**** Data for this exercise ****
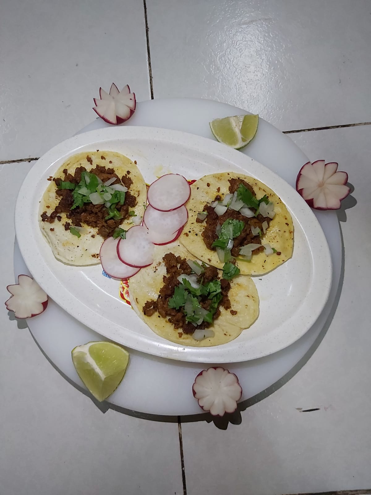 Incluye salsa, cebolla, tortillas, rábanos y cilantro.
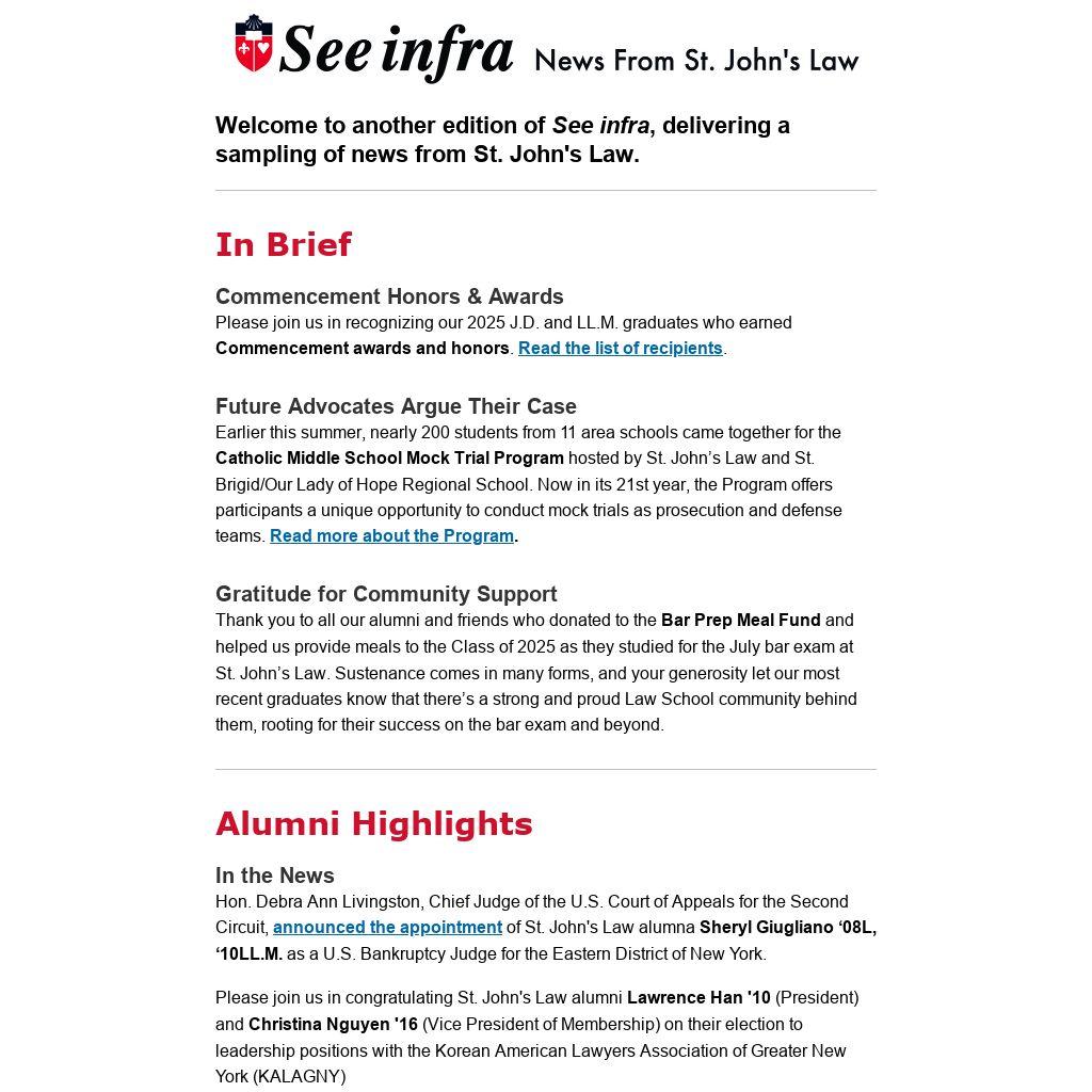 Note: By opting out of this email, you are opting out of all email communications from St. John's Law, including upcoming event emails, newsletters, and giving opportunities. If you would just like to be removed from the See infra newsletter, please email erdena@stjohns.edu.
****
**** Data for this exercise ****
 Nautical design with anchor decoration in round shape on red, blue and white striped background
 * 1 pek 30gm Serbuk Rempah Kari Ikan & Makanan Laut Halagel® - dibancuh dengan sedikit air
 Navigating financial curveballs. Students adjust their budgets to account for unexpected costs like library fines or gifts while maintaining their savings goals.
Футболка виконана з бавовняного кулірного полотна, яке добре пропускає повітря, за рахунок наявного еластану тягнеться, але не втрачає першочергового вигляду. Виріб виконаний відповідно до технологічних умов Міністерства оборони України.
****
Set down, unchanged, only those lines above that fall between the line with "Nautical design with" and the line with "Футболка виконана з", the two end lines included.

 Nautical design with anchor decoration in round shape on red, blue and white striped background
 * 1 pek 30gm Serbuk Rempah Kari Ikan & Makanan Laut Halagel® - dibancuh dengan sedikit air
 Navigating financial curveballs. Students adjust their budgets to account for unexpected costs like library fines or gifts while maintaining their savings goals.
Футболка виконана з бавовняного кулірного полотна, яке добре пропускає повітря, за рахунок наявного еластану тягнеться, але не втрачає першочергового вигляду. Виріб виконаний відповідно до технологічних умов Міністерства оборони України.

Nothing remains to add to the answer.